Now ranked 34th in the world after starting the year at 15th, Spieth hasn’t had a top-10 finish since a tie for 10th at the Valero Texas Open the week prior to the Masters. Since then, he’s missed three cuts and his finish at the John Deere has been his best. Earlier this year, he was third at the Sentry and tied for sixth at the WM Phoenix Open.

He also finds himself out of the top 50 in the FedEx Cup standings—which will assure signature event starts in 2025—and is still not assured of qualifying for the FedEx Cup playoffs for the top 70. He is 59th.

Spieth can appear maddeningly inconsistent, and takes his fans on a multitude of thrill rides. The things that carried him years ago—such as great iron play and putting—have fallen off. But Spieth is seemingly a better driver of the ball now. And it’s unclear how much an ongoing ligament problem in his wrist is impacting him.

There have been no excuses offered from Spieth and he is playing again this week at the Scottish Open, where he had said he would not compete. With the Open to follow, that means three weeks in a row.

“I’m going to end up playing the Open as my third in a row, which has been a good spot for majors for me in the past,” Spieth said. “Masters was third in a row a number of years for me, too.”

Justin Rose and the British Open
Despite playing in last year’s Ryder Cup for Europe, Justin Rose was not exempt for the British Open next week at Royal Troon. The Open did away with the Ryder Cup/Presidents Cup team qualifications following the 2022 tournament at St. Andrews. And so Rose, the 2013 U.S. Open champion, found himself out of the field having made it via no other category.

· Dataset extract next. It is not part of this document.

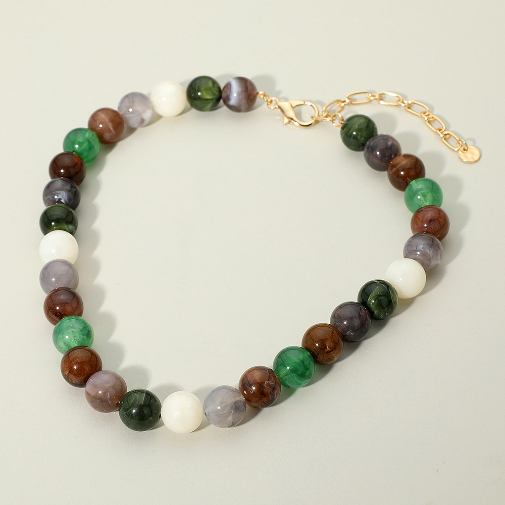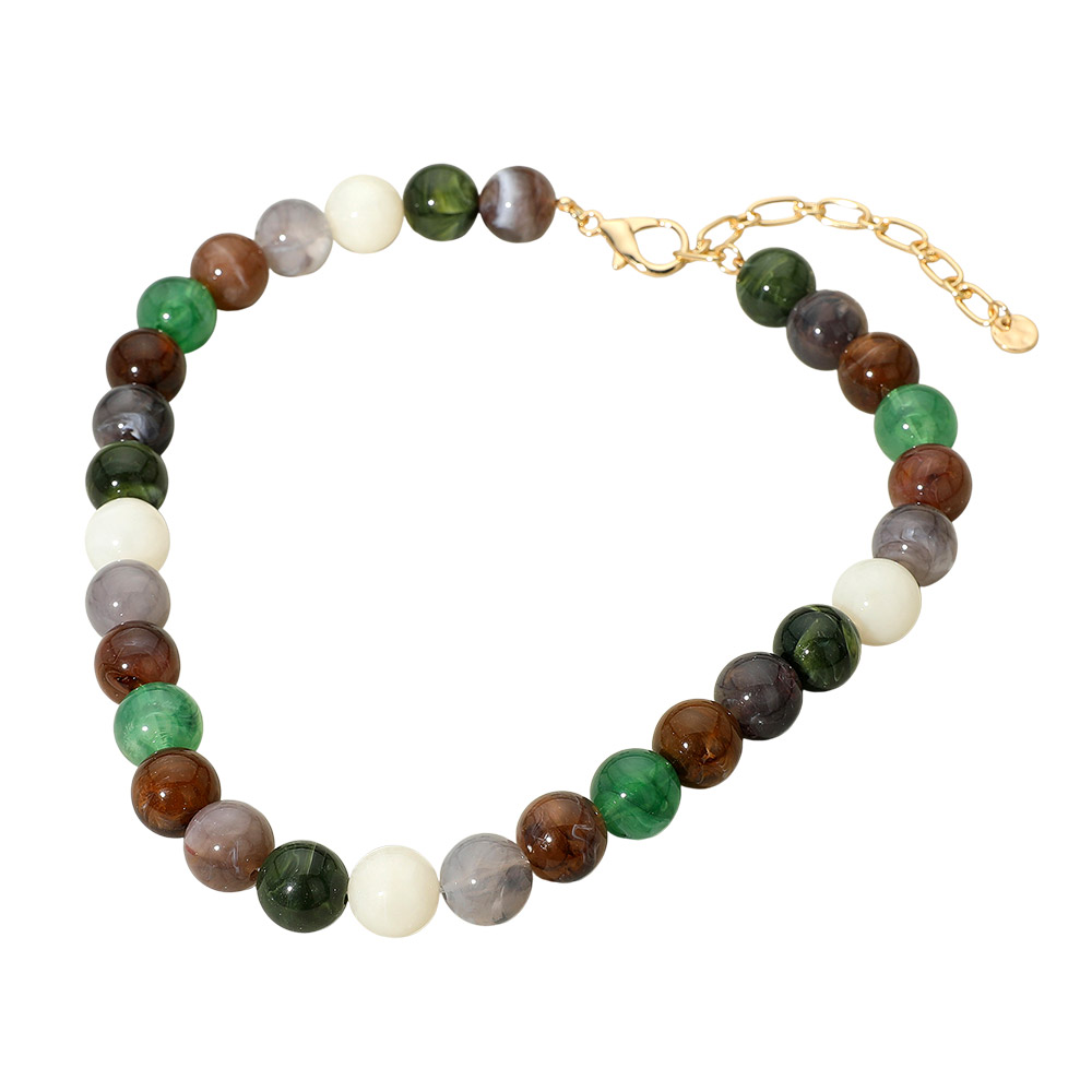 Details • Necklace Size : 17" + 3" L • Decor Size : 0.5" L • Add a touch of earthy elegance with this 17.5" round beaded necklace. Featuring polished natural stones in a variety of tones, each bead showcases unique patterns and depth. Finished with a secure clasp and extender, this versatile piece is perfect for layering or wearing solo. • Lead and Nickel Compliant

To his credit, the Englishman entered Final Qualifying at one of the four qualifying venues last week. He was the only player among 288 entered who was ranked among the top 250 in the Official World Golf Ranking. Making it through was far from assured, but Rose shot 8 under par for his 36-hole qualifier at Burnham & Berrow to secure another spot in the championship where he finished fourth as a 17-year-old amateur at Royal Birkdale in 1998. Rose is now 43.